During the 1640−1668 War against Portugal, the land of Coria suffered greatly; although the city was not taken by the Portuguese, the countryside was reiterately raided, causing the impoverishment of the region.

== Climate ==
Coria has a hot summer mediterranean climate (Csa in Köppen climate classification), with mild wet winters and very hot, dry summers. During the summer temperatures often exceed 35 C and can reach over 40 C during heat waves. During winter, temperatures below 0 C are rare, but can occur during the coldest nights of the year.
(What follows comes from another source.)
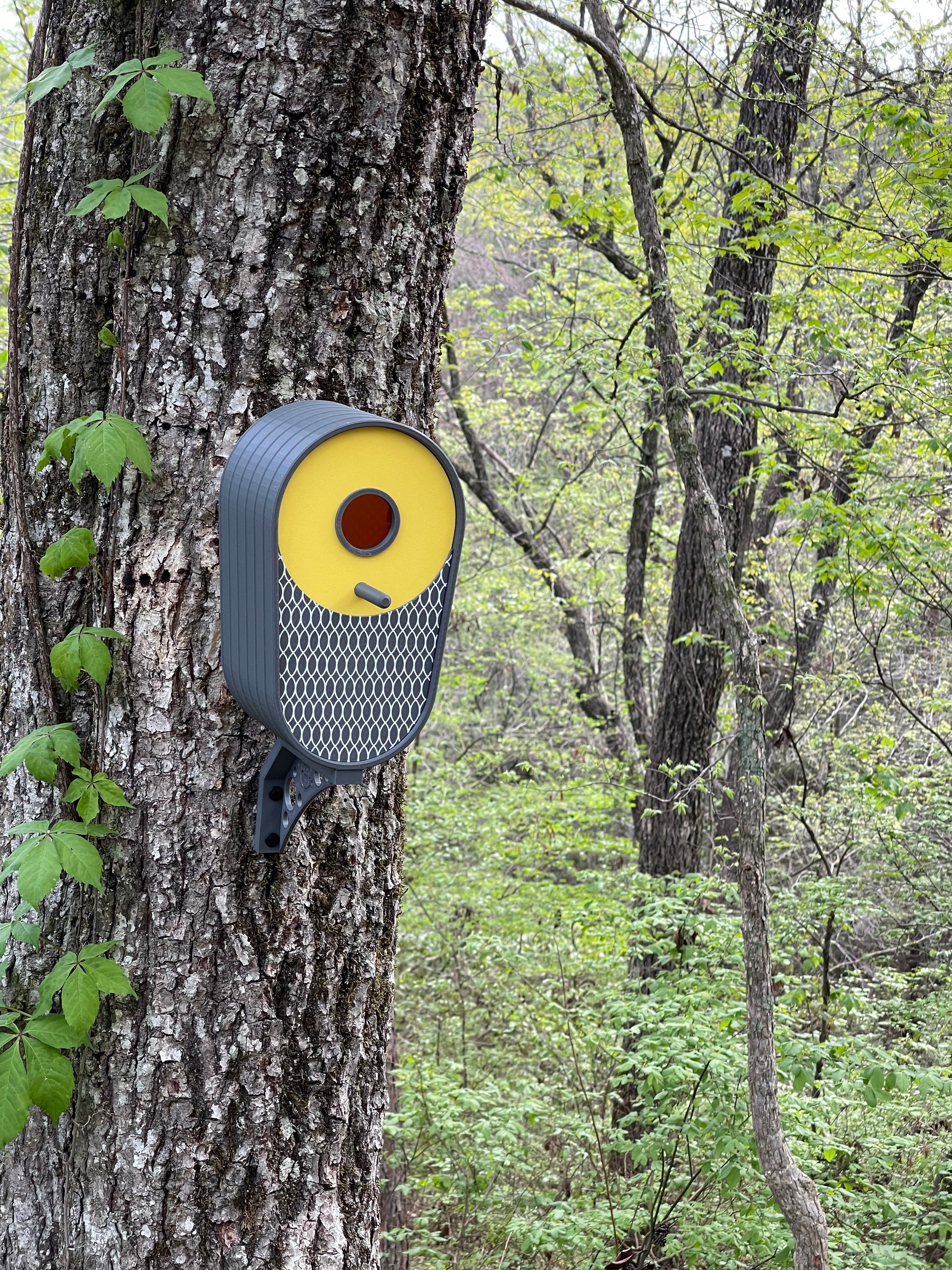Imagine this sleek vertical sculpture mounted in your garden or on your balcony, the dark grey body contrasting beautifully with the bright yellow accent while native birds make it their home. The vertical design makes it perfect for modern spaces where horizontal room is limited, while the contemporary colour scheme complements modern architecture and minimalist garden design. It's the perfect blend of form, function, and modern style.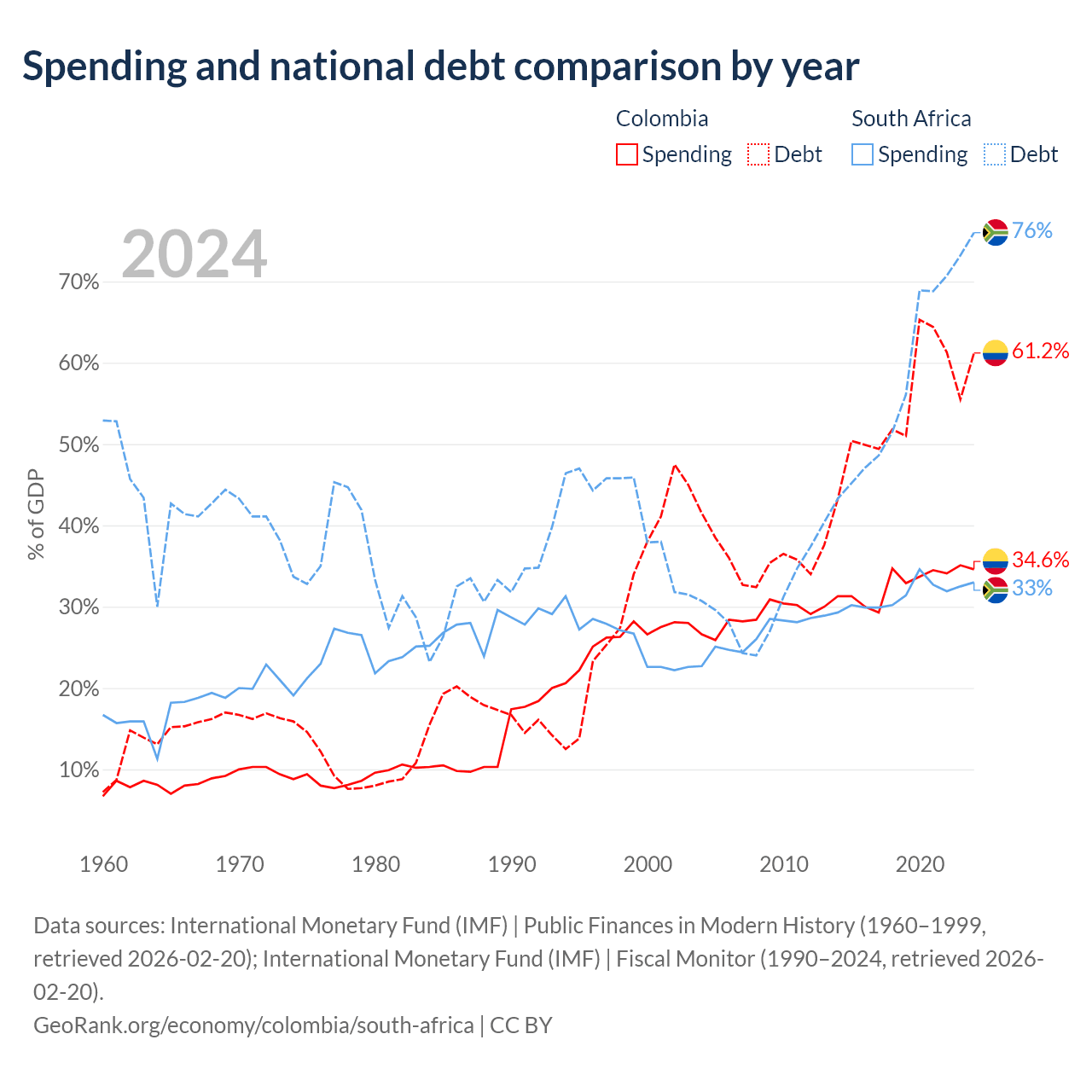 Colombia has $256B in government debt (61.2% of GDP), compared to $305B (76% of GDP) in South Africa.

Precipitation is concentrated in the autumn and winter months.

Climate data for Coria (1991-2020), extremes (1989-present)
| Month | Jan | Feb | Mar | Apr | May | Jun | Jul | Aug | Sep | Oct | Nov | Dec | Year |
| Record high °C (°F) | 21.0 (69.8) | 23.6 (74.5) | 29.4 (84.9) | 35.0 (95.0) | 38.4 (101.1) | 43.1 (109.6) | 44.7 (112.5) | 44.0 (111.2) | 43.4 (110.1) | 35.7 (96.3) | 26.5 (79.7) | 20.9 (69.6) | 44.7 (112.5) |
| Mean daily maximum °C (°F) | 12.3 (54.1) | 14.4 (57.9) | 18.0 (64.4) | 20.5 (68.9) | 25.4 (77.7) | 30.9 (87.6) | 35.1 (95.2) | 34.9 (94.8) | 29.8 (85.6) | 22.6 (72.7) | 16.0 (60.8) | 12.6 (54.7) | 22.7 (72.9) |
| Daily mean °C (°F) | 7.7 (45.9) | 9.2 (48.6) | 12.3 (54.1) | 14.6 (58.3) | 18.8 (65.8) | 23.6 (74.5) | 27.0 (80.6) | 26.9 (80.4) | 22.8 (73.0) | 17.1 (62.8) | 11.6 (52.9) | 8.5 (47.3) | 16.7 (62.0) |
| Mean daily minimum °C (°F) | 3.1 (37.6) | 4.0 (39.2) | 6.5 (43.7) | 8.6 (47.5) | 12.1 (53.8) | 16.2 (61.2) | 18.9 (66.0) | 18.9 (66.0) | 15.7 (60.3) | 11.7 (53.1) | 7.0 (44.6) | 4.3 (39.7) | 10.6 (51.1) |
| Record low °C (°F) | −4.6 (23.7) | −3.4 (25.9) | −5.1 (22.8) | 0.6 (33.1) | 2.5 (36.5) | 8.4 (47.1) | 10.3 (50.5) | 11.6 (52.9) | 7.4 (45.3) | 3.0 (37.4) | −2.7 (27.1) | −5.8 (21.6) | −5.8 (21.6) |
| Average precipitation mm (inches) | 45.3 (1.78) | 44.2 (1.74) | 56.4 (2.22) | 47.2 (1.86) | 33.8 (1.33) | 8.4 (0.33) | 3.0 (0.12) | 5.4 (0.21) | 25.6 (1.01) | 82.6 (3.25) | 72.2 (2.84) | 69.0 (2.72) | 493.1 (19.41) |
| Average precipitation days (≥ 1 mm) | 6.8 | 5.2 | 6.6 | 6.9 | 4.6 | 1.5 | 0.7 | 1.0 | 3.1 | 7.8 | 7.6 | 7.6 | 59.4 |
Source: Agencia Estatal de Meteorologia (AEMET OpenData)

==Sights==
- Roman walls (3rd-4th centuries AD)
- Cathedral of Santa María de la Asunción, in transitional Gothic style
- Bishop's palace (1628)
- Castle of Coria (1472–1478)
- Baroque Hermitage of Nuestra Señora de Argeme (17th century)
- Royal Prisons (1686)
- Old Bridge (Puente Viejo), dating to the 15th-16th centuries
- Convent of the Madre de Dios, founded in the 13th century. The current structure dates to the 14th-16th centuries
- Church of Santiago, in Baroque style (16th-18th centuries)
- Palaces of the Dukes of Alba (15th-16th centuries)

| Coria castle | Coria old bridge |
| Coria sunset after rain | Coria bull-running square |

== Symbols ==

In November 2012, Coria's Ayuntamiento (city council) approved unanimously in a plenary session the process for creating a future municipal flag for the city. As part of that process, a supporting historical record was to be created containing a proposed design for the flag of Coria that reflected the municipality's history and followed the rules of heraldry.